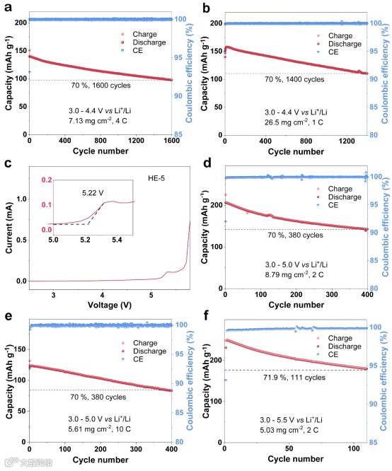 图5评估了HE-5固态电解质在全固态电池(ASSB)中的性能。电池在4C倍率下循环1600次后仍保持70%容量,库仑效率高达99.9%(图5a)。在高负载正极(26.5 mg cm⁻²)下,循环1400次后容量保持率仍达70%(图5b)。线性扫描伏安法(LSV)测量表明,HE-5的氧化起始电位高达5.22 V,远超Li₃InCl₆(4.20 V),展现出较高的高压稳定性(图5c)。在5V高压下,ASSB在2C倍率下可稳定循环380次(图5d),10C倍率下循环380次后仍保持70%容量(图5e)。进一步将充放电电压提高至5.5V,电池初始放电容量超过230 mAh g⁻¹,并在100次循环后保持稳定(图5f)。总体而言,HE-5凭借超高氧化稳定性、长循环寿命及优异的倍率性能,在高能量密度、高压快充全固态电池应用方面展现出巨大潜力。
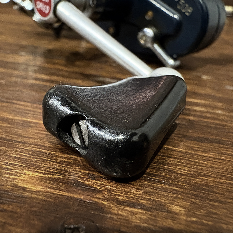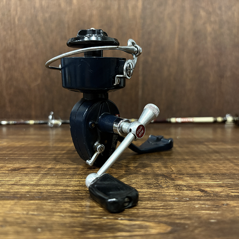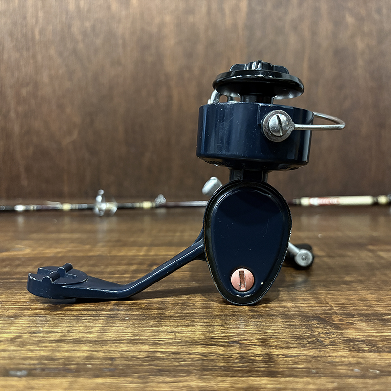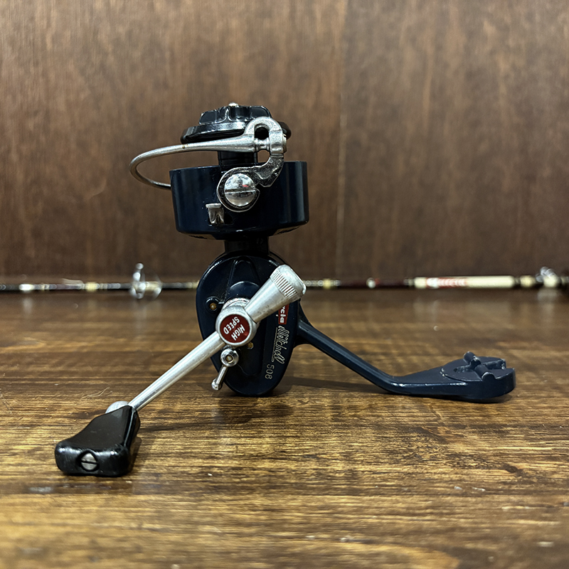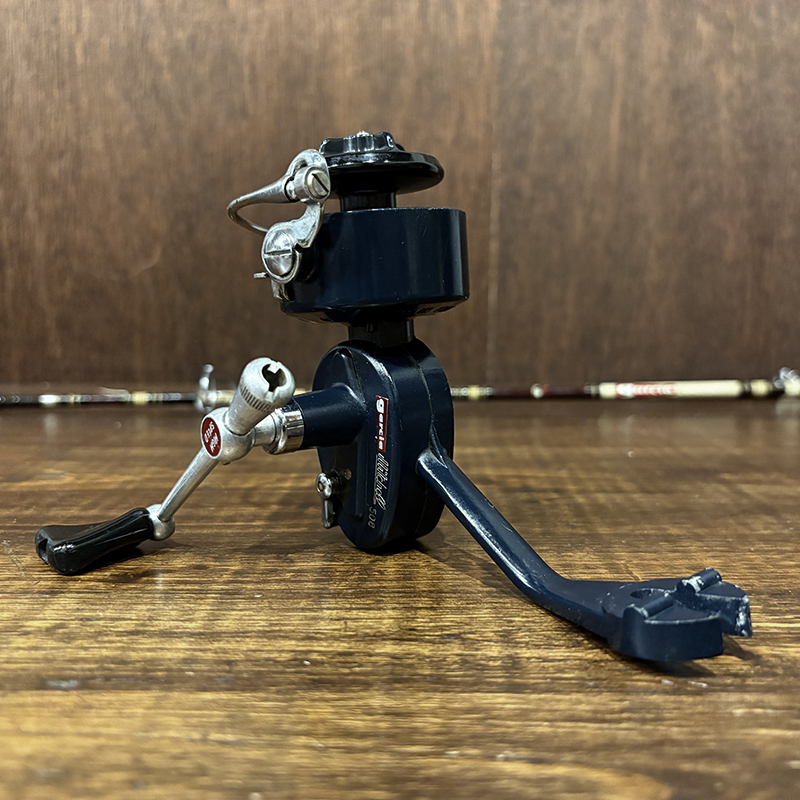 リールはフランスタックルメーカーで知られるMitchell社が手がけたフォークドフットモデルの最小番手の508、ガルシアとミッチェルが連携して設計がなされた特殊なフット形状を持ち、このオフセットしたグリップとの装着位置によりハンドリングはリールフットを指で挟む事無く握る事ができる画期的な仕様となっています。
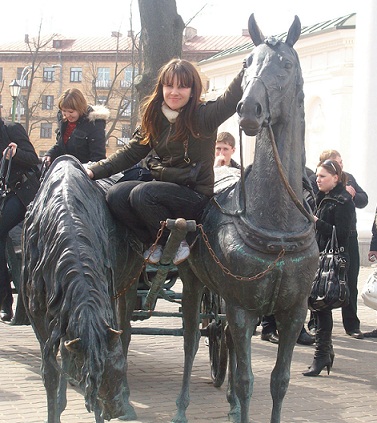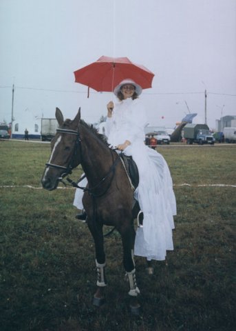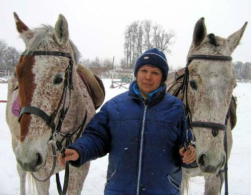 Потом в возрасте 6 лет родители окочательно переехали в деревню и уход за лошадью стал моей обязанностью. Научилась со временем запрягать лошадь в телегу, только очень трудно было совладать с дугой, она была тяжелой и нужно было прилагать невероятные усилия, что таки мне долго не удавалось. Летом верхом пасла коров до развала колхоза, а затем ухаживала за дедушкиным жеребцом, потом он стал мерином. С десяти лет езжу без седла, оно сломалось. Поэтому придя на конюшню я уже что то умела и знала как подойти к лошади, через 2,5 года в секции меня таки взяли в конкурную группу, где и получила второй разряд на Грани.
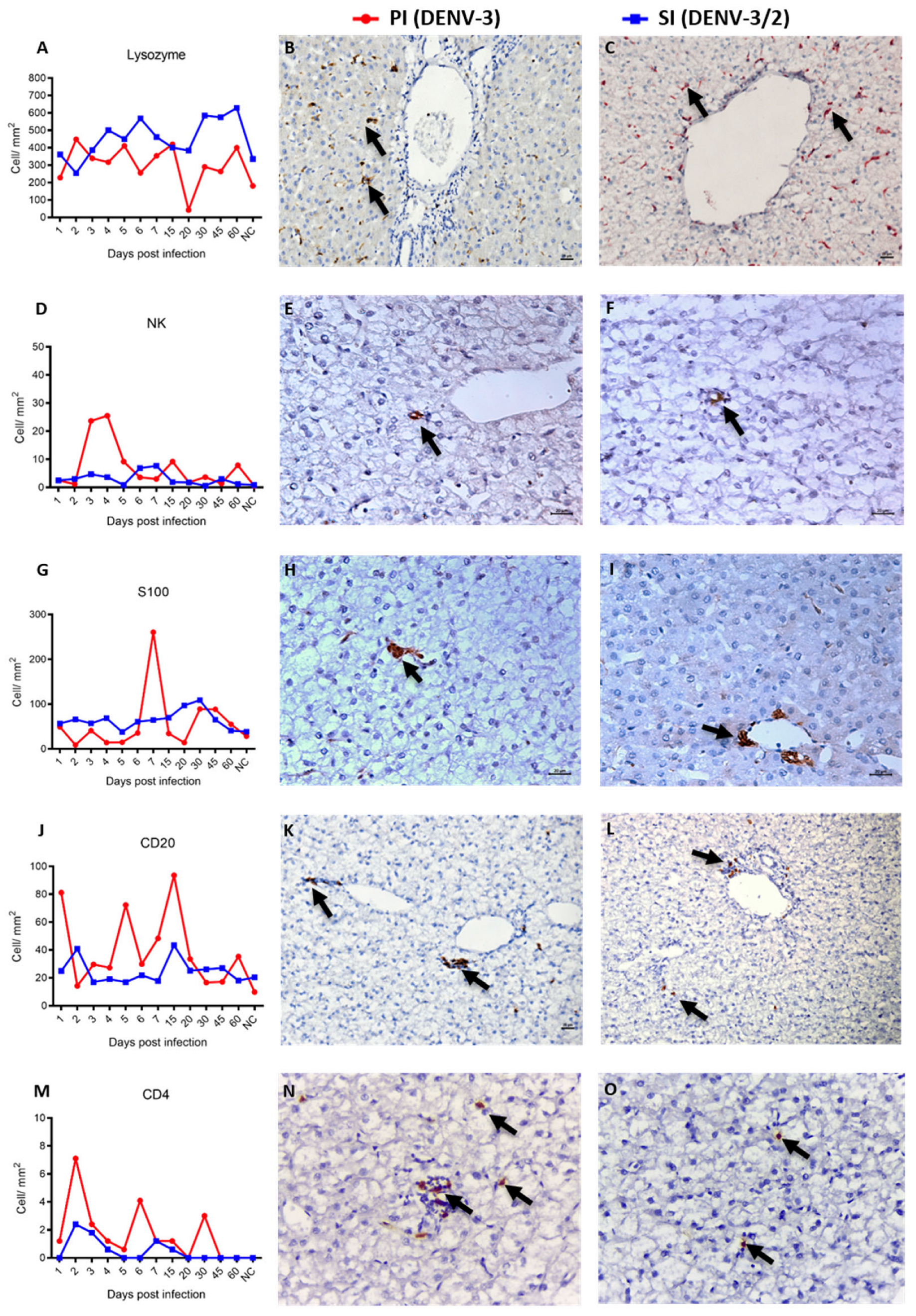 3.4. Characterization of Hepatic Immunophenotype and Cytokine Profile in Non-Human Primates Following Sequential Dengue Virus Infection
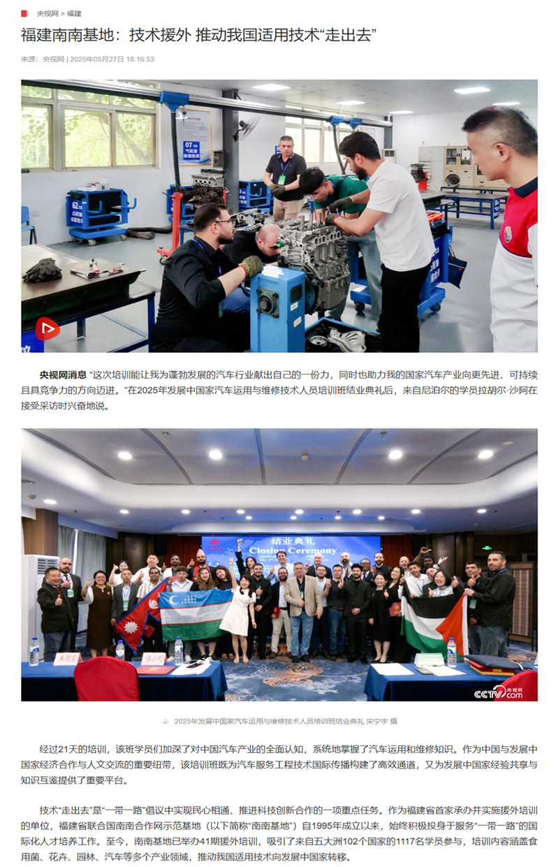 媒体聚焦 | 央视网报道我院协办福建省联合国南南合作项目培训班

§ **ASSIGNMENT**
Say again, word for word, every line from the one with "リールはフランスタックルメー" through the last line of the data above, minus the pictures.

§ **ANSWER SECTION**
 リールはフランスタックルメーカーで知られるMitchell社が手がけたフォークドフットモデルの最小番手の508、ガルシアとミッチェルが連携して設計がなされた特殊なフット形状を持ち、このオフセットしたグリップとの装着位置によりハンドリングはリールフットを指で挟む事無く握る事ができる画期的な仕様となっています。
 Потом в возрасте 6 лет родители окочательно переехали в деревню и уход за лошадью стал моей обязанностью. Научилась со временем запрягать лошадь в телегу, только очень трудно было совладать с дугой, она была тяжелой и нужно было прилагать невероятные усилия, что таки мне долго не удавалось. Летом верхом пасла коров до развала колхоза, а затем ухаживала за дедушкиным жеребцом, потом он стал мерином. С десяти лет езжу без седла, оно сломалось. Поэтому придя на конюшню я уже что то умела и знала как подойти к лошади, через 2,5 года в секции меня таки взяли в конкурную группу, где и получила второй разряд на Грани.
 3.4. Characterization of Hepatic Immunophenotype and Cytokine Profile in Non-Human Primates Following Sequential Dengue Virus Infection
 媒体聚焦 | 央视网报道我院协办福建省联合国南南合作项目培训班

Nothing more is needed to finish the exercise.